## [TASK PROMPT]
Each entry must appear again exactly as it does in the source.

Top of DATASET ENTRIES

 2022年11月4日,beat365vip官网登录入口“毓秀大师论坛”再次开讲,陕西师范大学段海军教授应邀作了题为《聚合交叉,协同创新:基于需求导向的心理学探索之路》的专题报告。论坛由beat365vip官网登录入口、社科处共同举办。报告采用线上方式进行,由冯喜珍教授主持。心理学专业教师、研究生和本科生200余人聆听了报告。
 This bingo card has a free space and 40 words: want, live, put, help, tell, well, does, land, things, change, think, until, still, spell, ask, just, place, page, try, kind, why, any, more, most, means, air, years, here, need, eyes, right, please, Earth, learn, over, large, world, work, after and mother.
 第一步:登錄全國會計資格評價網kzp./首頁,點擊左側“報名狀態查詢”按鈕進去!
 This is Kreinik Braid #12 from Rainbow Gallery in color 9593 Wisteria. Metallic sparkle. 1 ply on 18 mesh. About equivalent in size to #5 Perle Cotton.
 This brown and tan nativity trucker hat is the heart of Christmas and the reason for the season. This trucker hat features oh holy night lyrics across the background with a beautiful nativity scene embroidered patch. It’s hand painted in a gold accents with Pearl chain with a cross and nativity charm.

Bottom of DATASET ENTRIES

## [TASK SOLUTION]
 2022年11月4日,beat365vip官网登录入口“毓秀大师论坛”再次开讲,陕西师范大学段海军教授应邀作了题为《聚合交叉,协同创新:基于需求导向的心理学探索之路》的专题报告。论坛由beat365vip官网登录入口、社科处共同举办。报告采用线上方式进行,由冯喜珍教授主持。心理学专业教师、研究生和本科生200余人聆听了报告。
 This bingo card has a free space and 40 words: want, live, put, help, tell, well, does, land, things, change, think, until, still, spell, ask, just, place, page, try, kind, why, any, more, most, means, air, years, here, need, eyes, right, please, Earth, learn, over, large, world, work, after and mother.
 第一步:登錄全國會計資格評價網kzp./首頁,點擊左側“報名狀態查詢”按鈕進去!
 This is Kreinik Braid #12 from Rainbow Gallery in color 9593 Wisteria. Metallic sparkle. 1 ply on 18 mesh. About equivalent in size to #5 Perle Cotton.
 This brown and tan nativity trucker hat is the heart of Christmas and the reason for the season. This trucker hat features oh holy night lyrics across the background with a beautiful nativity scene embroidered patch. It’s hand painted in a gold accents with Pearl chain with a cross and nativity charm.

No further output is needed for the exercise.